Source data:
* * * * *
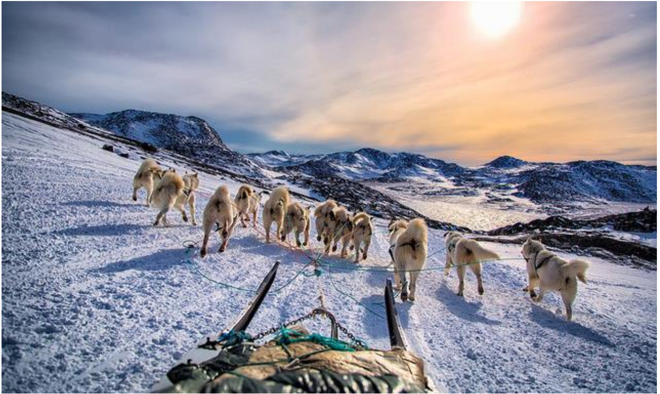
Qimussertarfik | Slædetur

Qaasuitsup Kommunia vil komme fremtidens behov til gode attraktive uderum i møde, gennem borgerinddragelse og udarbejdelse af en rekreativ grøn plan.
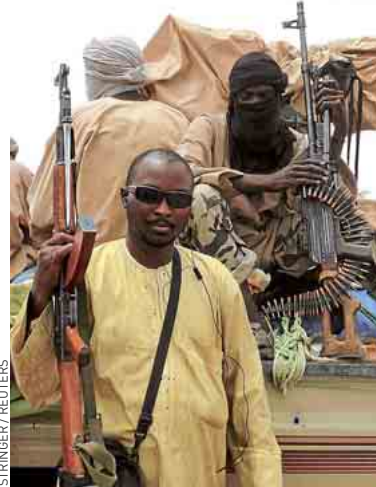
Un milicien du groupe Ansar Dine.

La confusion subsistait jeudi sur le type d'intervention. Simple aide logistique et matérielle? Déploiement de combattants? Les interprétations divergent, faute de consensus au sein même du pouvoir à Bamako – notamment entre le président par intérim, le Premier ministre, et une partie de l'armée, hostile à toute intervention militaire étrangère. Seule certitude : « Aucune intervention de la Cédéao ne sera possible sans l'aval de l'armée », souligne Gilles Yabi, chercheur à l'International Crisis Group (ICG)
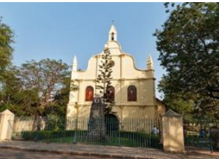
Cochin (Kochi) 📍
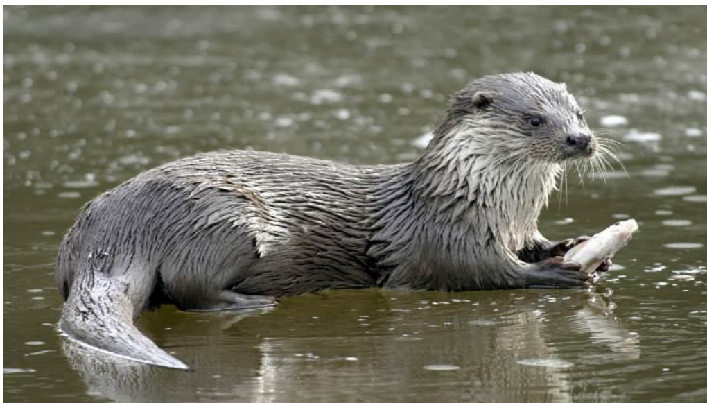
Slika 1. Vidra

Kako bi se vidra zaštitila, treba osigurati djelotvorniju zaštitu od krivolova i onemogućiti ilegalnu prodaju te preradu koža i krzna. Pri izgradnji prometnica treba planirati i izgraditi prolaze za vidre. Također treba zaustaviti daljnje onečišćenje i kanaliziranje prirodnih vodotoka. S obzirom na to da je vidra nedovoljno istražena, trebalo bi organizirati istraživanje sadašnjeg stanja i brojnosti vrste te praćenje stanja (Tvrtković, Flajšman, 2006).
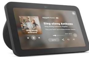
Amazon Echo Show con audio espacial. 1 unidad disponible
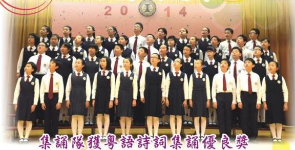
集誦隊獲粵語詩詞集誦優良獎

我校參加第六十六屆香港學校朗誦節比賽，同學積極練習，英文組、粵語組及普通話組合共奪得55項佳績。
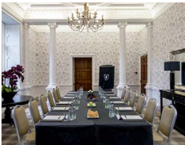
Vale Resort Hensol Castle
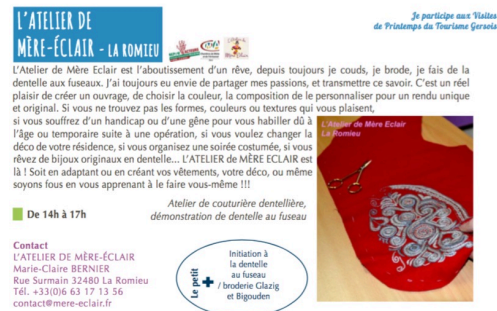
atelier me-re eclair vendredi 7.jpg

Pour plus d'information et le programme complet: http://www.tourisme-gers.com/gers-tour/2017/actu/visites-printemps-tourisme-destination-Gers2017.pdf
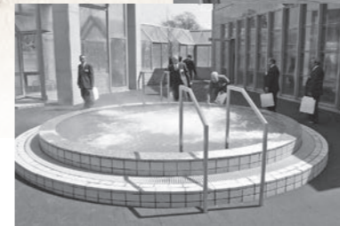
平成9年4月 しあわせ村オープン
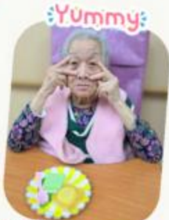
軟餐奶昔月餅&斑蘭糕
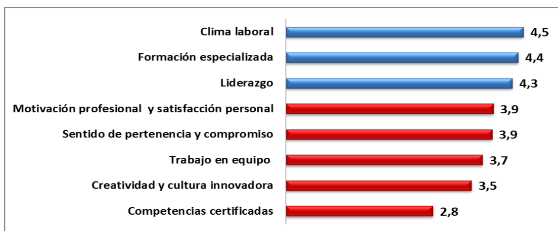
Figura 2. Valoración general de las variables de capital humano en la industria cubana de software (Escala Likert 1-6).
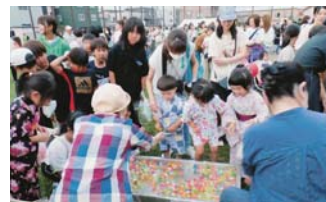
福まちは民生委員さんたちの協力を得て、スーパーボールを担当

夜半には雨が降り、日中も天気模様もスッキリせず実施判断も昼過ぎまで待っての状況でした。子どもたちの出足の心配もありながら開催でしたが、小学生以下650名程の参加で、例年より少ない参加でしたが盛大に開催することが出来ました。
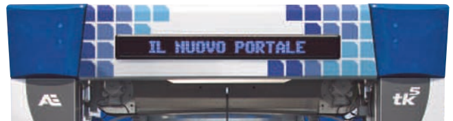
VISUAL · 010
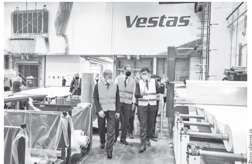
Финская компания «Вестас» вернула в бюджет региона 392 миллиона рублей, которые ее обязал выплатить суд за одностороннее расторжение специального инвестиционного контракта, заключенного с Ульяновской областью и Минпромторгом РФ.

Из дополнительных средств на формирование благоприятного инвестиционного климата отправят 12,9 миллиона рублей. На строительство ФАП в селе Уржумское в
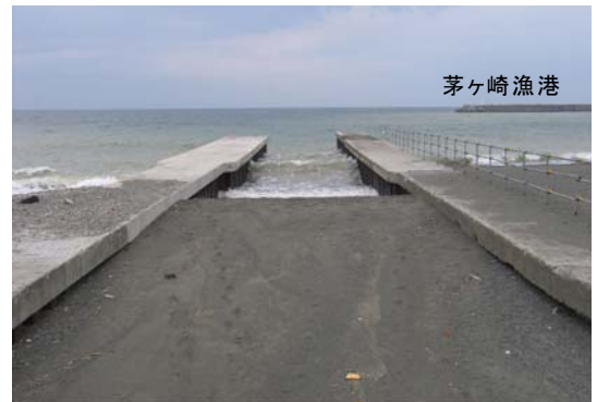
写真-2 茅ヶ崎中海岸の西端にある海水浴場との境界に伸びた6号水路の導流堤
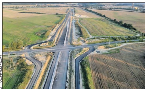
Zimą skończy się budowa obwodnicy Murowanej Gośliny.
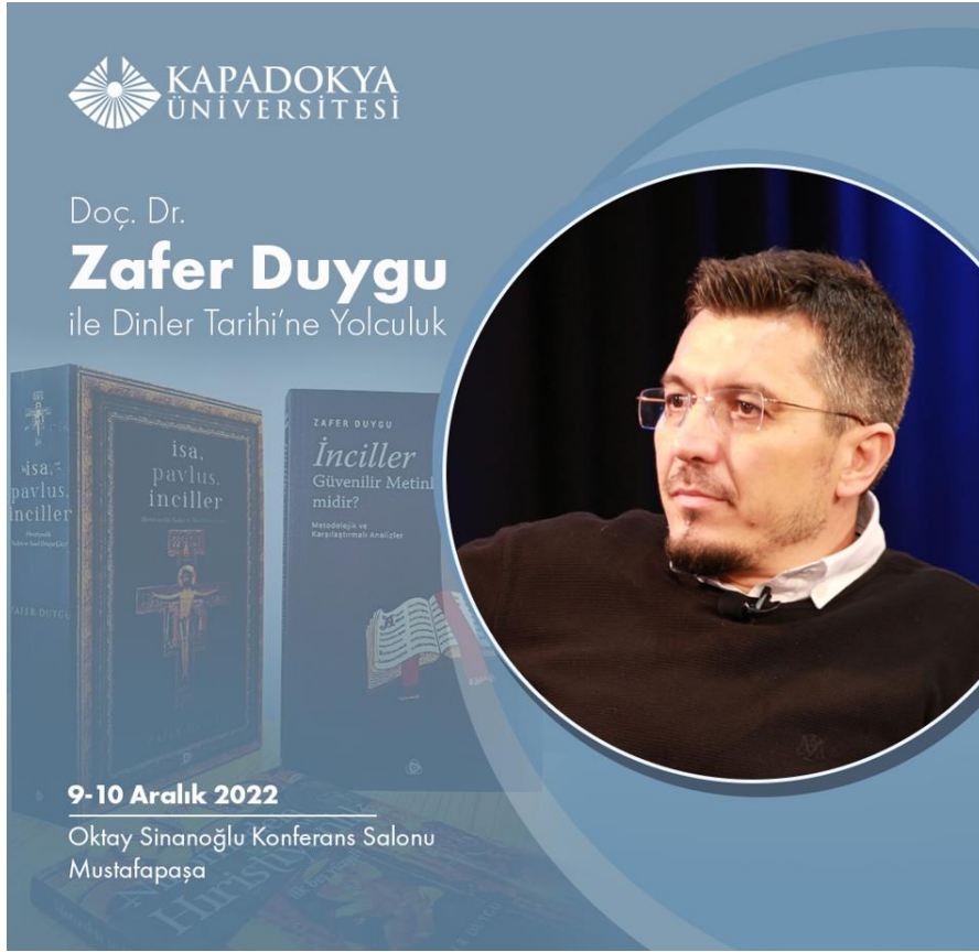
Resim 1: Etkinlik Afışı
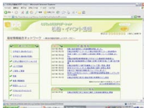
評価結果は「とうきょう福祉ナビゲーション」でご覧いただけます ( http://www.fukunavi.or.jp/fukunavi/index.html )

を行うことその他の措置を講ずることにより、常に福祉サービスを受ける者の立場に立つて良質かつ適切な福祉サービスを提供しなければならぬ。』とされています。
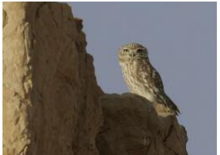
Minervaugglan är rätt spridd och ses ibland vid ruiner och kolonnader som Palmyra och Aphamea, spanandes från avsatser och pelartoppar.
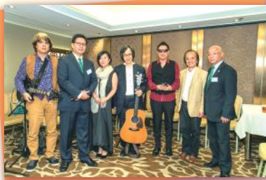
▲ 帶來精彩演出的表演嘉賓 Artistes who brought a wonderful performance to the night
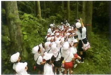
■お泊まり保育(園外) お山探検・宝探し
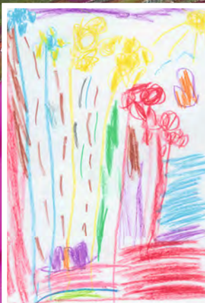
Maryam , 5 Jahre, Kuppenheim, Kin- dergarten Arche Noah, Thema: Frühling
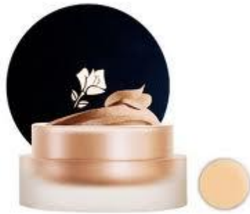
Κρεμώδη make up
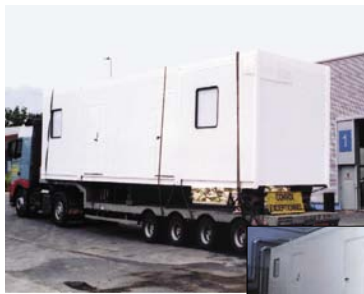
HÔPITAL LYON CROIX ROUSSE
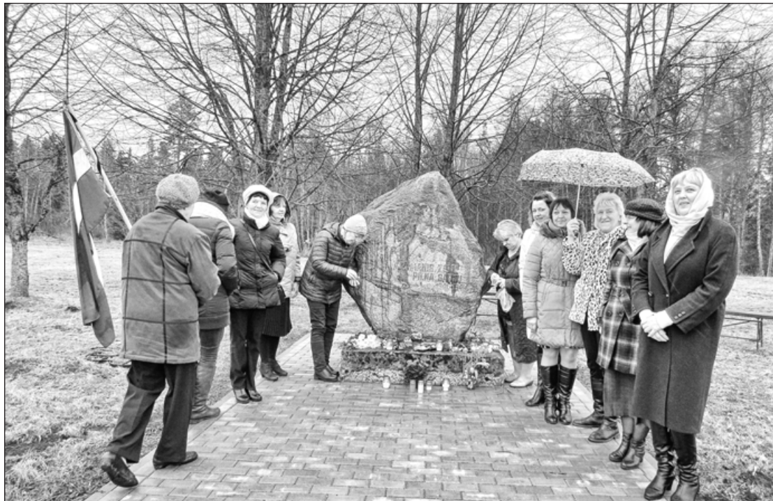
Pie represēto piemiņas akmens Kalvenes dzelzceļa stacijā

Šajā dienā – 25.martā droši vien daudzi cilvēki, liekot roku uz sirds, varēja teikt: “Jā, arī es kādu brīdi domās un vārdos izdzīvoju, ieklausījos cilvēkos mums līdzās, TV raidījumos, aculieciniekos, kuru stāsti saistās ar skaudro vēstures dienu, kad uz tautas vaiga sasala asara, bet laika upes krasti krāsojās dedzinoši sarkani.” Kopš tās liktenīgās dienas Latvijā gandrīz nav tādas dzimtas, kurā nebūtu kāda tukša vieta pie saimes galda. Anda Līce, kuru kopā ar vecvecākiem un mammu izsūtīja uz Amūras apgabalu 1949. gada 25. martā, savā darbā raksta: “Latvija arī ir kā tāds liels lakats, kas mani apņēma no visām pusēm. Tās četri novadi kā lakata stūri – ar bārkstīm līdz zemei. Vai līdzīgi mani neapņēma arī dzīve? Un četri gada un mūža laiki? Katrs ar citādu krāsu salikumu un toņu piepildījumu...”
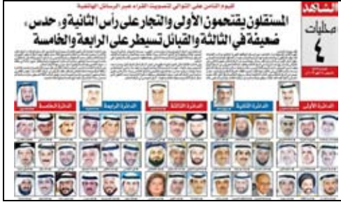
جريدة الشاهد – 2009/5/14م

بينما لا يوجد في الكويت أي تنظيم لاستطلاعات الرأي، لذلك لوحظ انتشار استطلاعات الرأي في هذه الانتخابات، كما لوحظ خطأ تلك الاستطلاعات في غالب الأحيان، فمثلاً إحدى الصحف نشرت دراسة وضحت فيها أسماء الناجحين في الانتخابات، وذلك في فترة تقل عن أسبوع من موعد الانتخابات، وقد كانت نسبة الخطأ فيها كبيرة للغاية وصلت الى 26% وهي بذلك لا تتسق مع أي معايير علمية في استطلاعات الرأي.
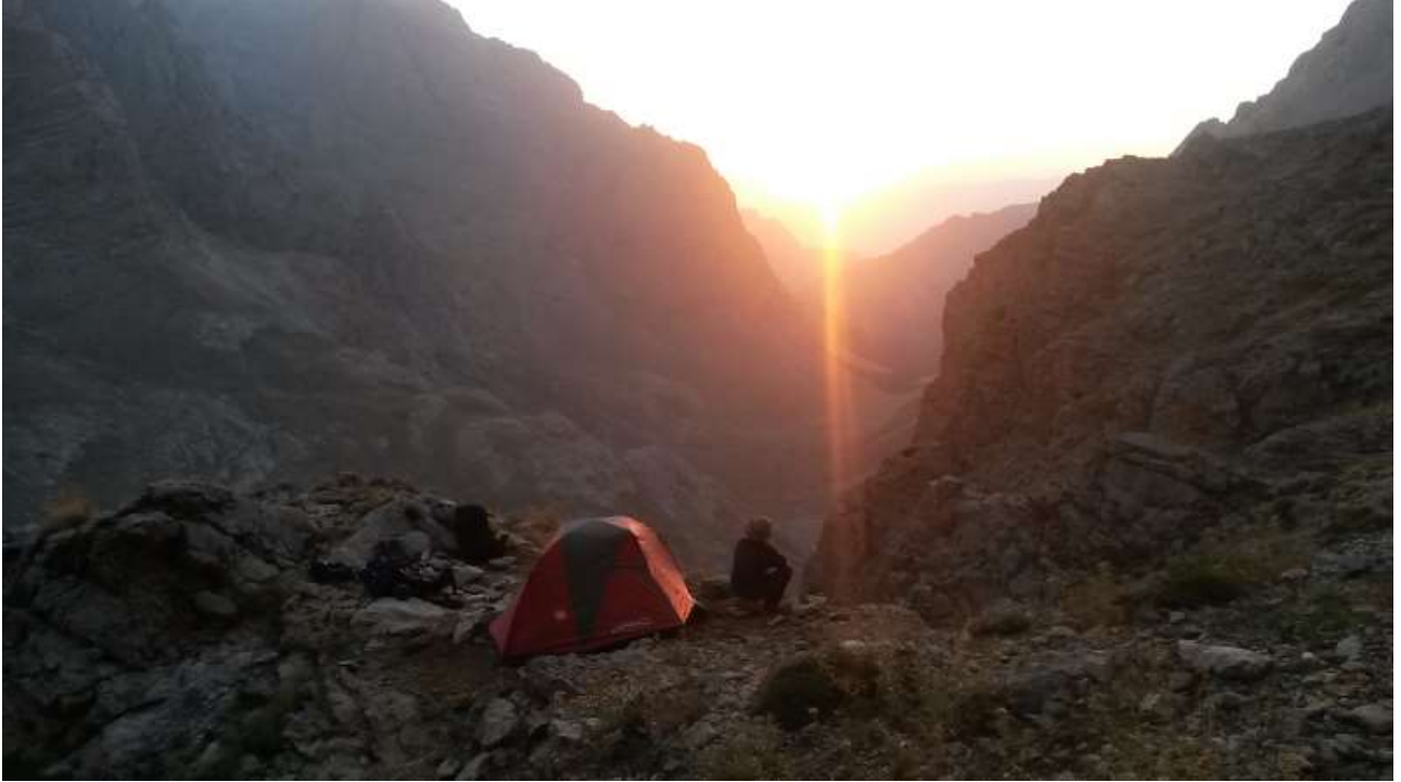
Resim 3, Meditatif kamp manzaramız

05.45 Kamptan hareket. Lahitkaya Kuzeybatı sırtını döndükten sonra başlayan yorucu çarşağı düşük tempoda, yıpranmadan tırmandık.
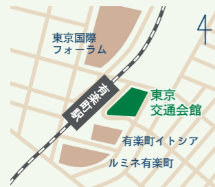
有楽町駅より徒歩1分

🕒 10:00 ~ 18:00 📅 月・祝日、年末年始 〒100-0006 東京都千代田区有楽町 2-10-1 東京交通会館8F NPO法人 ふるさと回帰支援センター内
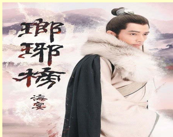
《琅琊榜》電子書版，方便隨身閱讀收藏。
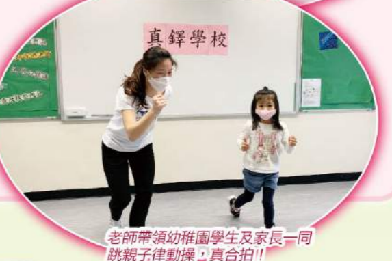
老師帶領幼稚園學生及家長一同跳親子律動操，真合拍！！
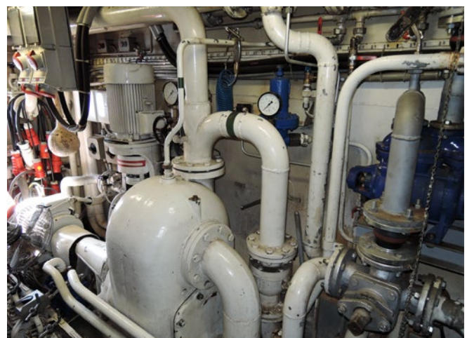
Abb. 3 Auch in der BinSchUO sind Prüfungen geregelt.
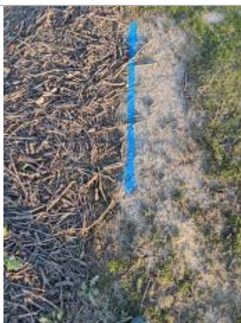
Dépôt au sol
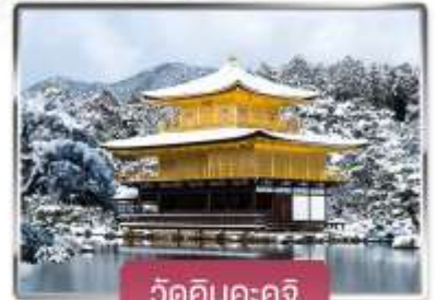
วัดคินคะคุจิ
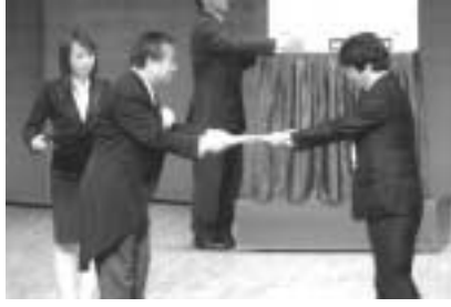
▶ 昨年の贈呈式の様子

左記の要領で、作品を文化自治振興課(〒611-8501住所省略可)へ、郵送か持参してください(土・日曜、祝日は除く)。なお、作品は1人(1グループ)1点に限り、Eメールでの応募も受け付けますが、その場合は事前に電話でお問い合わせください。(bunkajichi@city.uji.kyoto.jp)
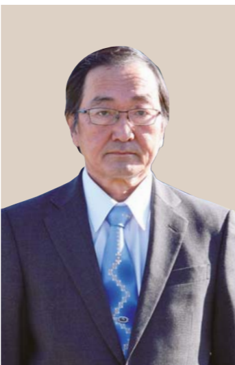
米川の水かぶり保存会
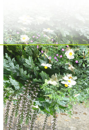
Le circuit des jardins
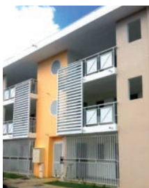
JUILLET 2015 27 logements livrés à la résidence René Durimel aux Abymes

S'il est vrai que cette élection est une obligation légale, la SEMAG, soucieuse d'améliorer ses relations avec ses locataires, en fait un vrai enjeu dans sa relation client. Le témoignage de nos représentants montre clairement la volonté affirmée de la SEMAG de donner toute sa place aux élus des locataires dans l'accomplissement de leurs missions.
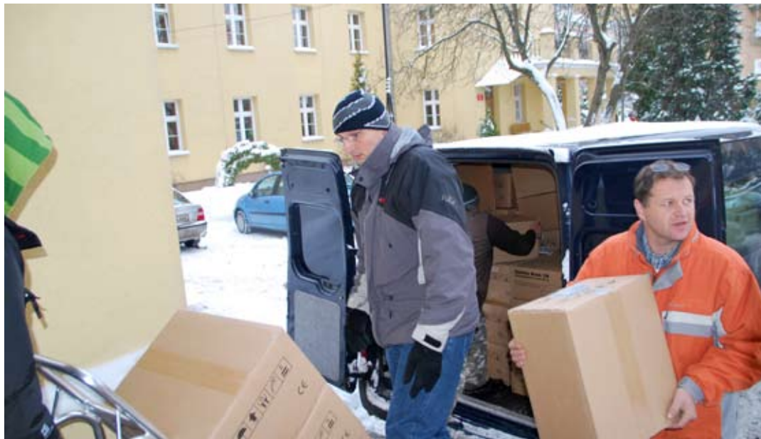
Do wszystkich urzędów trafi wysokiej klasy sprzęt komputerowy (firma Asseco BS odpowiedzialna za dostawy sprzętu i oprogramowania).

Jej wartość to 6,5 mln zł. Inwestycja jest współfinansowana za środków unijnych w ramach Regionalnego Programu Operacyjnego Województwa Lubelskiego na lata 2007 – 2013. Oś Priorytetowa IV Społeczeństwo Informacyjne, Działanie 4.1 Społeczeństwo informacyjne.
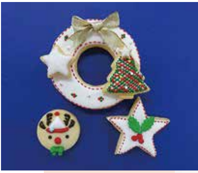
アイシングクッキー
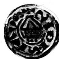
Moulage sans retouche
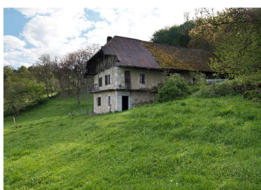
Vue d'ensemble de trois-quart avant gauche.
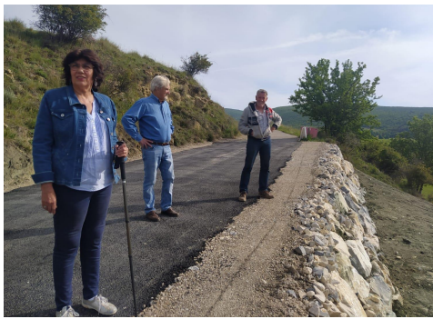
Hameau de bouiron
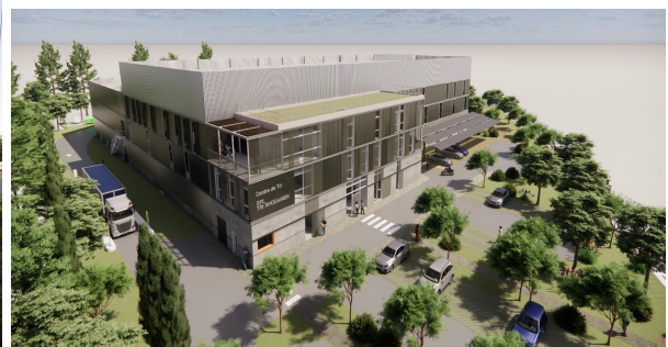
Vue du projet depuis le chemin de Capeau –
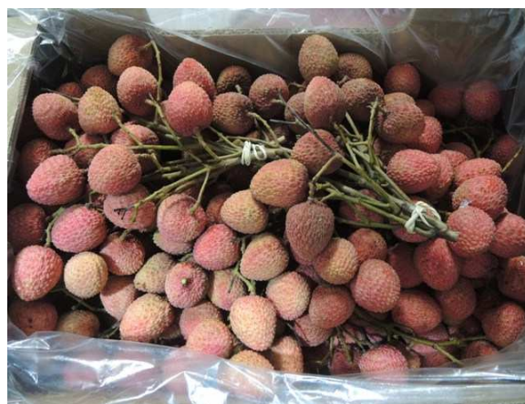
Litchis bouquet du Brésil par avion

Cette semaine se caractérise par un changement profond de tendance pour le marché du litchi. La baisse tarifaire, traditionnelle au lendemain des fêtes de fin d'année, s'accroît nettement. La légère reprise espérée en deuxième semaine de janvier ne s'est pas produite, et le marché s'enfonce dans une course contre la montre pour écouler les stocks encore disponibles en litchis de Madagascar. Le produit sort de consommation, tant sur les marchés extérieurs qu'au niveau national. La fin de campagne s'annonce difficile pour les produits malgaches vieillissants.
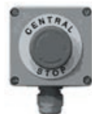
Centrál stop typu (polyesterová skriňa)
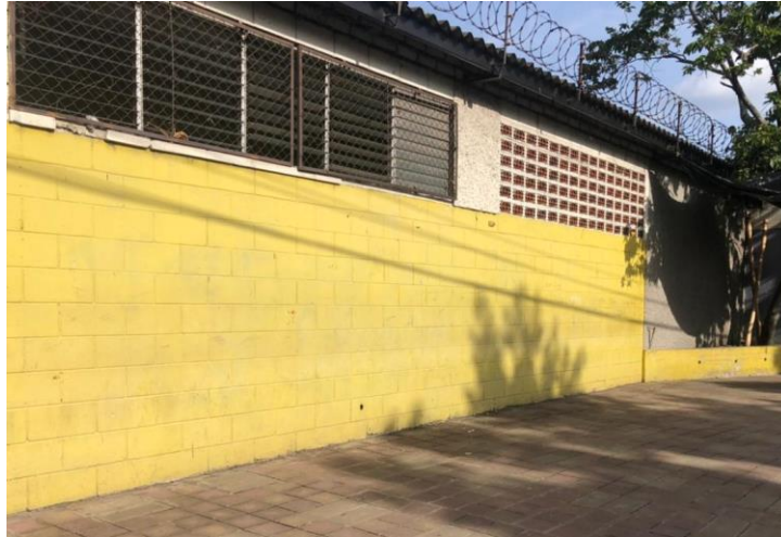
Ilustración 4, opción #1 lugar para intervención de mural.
* * * * *
Work request:
From the records above, transcribe exactly the lines starting at the one containing "集誦隊獲粵語詩詞集誦優良獎" and ending at the one containing "VISUAL · 010". Skip the pictures.

Response box:
集誦隊獲粵語詩詞集誦優良獎

我校參加第六十六屆香港學校朗誦節比賽，同學積極練習，英文組、粵語組及普通話組合共奪得55項佳績。
Vale Resort Hensol Castle
atelier me-re eclair vendredi 7.jpg

Pour plus d'information et le programme complet: http://www.tourisme-gers.com/gers-tour/2017/actu/visites-printemps-tourisme-destination-Gers2017.pdf
平成9年4月 しあわせ村オープン
軟餐奶昔月餅&斑蘭糕
Figura 2. Valoración general de las variables de capital humano en la industria cubana de software (Escala Likert 1-6).
福まちは民生委員さんたちの協力を得て、スーパーボールを担当

夜半には雨が降り、日中も天気模様もスッキリせず実施判断も昼過ぎまで待っての状況でした。子どもたちの出足の心配もありながら開催でしたが、小学生以下650名程の参加で、例年より少ない参加でしたが盛大に開催することが出来ました。
VISUAL · 010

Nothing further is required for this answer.